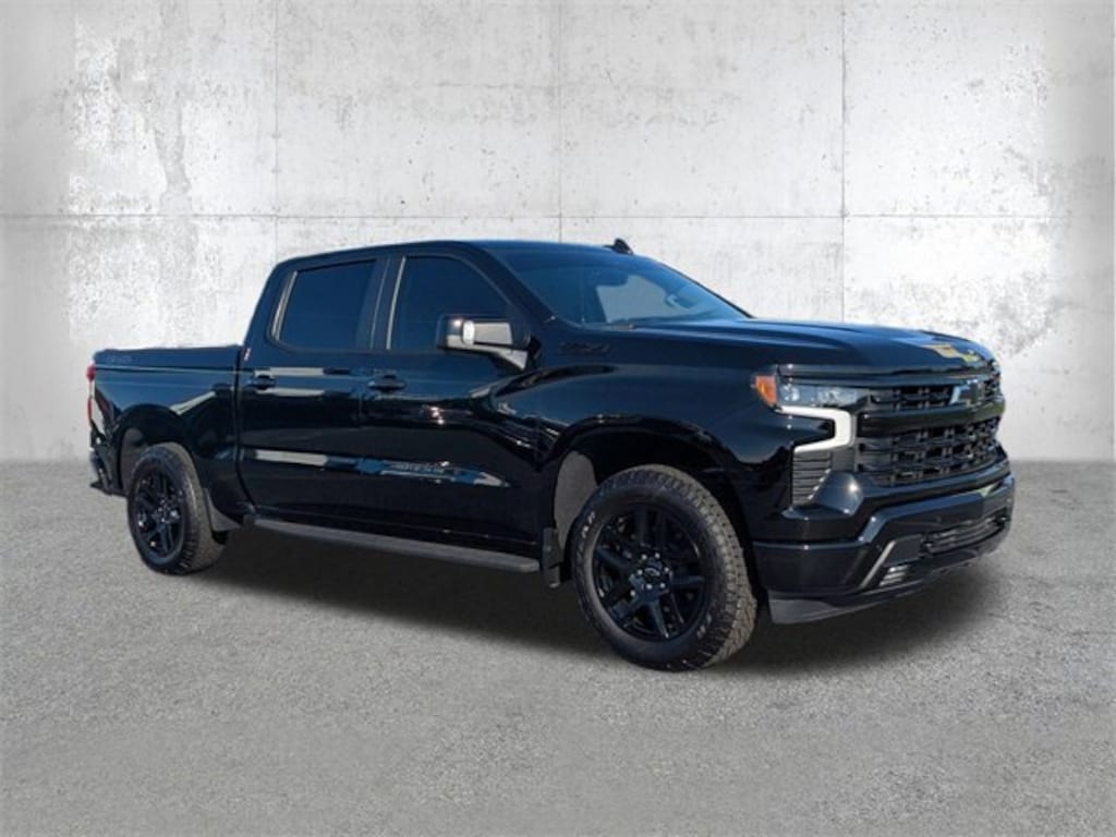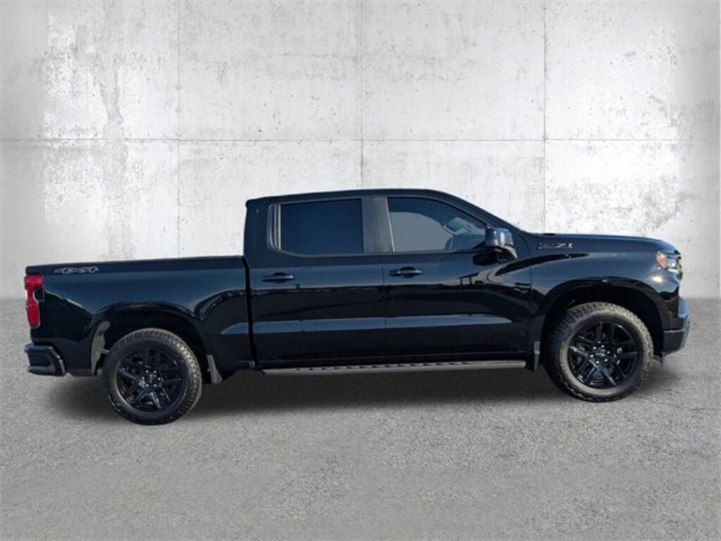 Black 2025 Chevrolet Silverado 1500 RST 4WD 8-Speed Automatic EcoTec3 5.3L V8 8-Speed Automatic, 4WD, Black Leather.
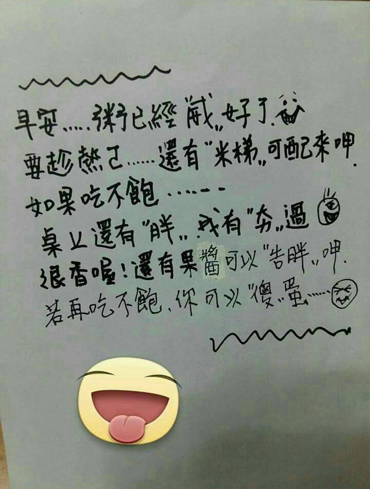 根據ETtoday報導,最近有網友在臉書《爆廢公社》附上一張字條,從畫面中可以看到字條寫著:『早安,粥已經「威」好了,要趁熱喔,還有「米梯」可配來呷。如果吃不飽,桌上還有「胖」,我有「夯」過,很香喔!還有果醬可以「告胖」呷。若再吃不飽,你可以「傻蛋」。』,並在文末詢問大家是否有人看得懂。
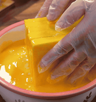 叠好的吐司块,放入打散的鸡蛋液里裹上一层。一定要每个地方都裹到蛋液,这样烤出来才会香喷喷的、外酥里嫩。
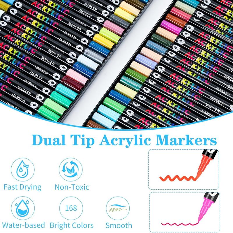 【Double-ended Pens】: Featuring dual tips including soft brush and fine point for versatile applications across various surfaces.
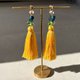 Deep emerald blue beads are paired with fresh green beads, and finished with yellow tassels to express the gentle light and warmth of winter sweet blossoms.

◇ ◇ ◇ ◇ ◇ ◇ ◇

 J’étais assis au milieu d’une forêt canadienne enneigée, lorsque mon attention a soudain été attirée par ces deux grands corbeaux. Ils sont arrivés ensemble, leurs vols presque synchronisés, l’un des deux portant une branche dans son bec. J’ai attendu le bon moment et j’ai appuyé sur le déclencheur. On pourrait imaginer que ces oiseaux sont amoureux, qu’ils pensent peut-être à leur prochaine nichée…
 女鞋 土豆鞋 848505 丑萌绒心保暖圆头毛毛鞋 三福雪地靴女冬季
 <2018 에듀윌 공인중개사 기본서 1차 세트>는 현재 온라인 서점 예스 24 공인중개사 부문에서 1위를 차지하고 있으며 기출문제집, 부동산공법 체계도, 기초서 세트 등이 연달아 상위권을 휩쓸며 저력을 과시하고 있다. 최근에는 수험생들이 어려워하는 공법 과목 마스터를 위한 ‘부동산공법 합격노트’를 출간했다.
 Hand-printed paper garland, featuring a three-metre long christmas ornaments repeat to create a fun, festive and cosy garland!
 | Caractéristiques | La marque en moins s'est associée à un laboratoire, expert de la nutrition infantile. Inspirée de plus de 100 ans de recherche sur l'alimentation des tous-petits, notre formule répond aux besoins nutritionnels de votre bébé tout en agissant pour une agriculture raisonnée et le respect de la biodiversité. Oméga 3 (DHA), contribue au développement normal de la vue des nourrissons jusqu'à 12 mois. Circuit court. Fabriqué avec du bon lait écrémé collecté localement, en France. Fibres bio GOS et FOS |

◇ ◇ ◇ ◇ ◇ ◇ ◇

• EXERCISE BRIEF
All lines in the listing above from the line containing "女鞋 土豆鞋 848505 丑萌绒心保暖圆头毛毛鞋 三福雪地靴女冬季" to the line containing "Hand-printed paper garland, featuring", inclusive, should be retyped exactly; no other lines should appear.

• RESPONSE TO THIS EXERCISE
 女鞋 土豆鞋 848505 丑萌绒心保暖圆头毛毛鞋 三福雪地靴女冬季
 <2018 에듀윌 공인중개사 기본서 1차 세트>는 현재 온라인 서점 예스 24 공인중개사 부문에서 1위를 차지하고 있으며 기출문제집, 부동산공법 체계도, 기초서 세트 등이 연달아 상위권을 휩쓸며 저력을 과시하고 있다. 최근에는 수험생들이 어려워하는 공법 과목 마스터를 위한 ‘부동산공법 합격노트’를 출간했다.
 Hand-printed paper garland, featuring a three-metre long christmas ornaments repeat to create a fun, festive and cosy garland!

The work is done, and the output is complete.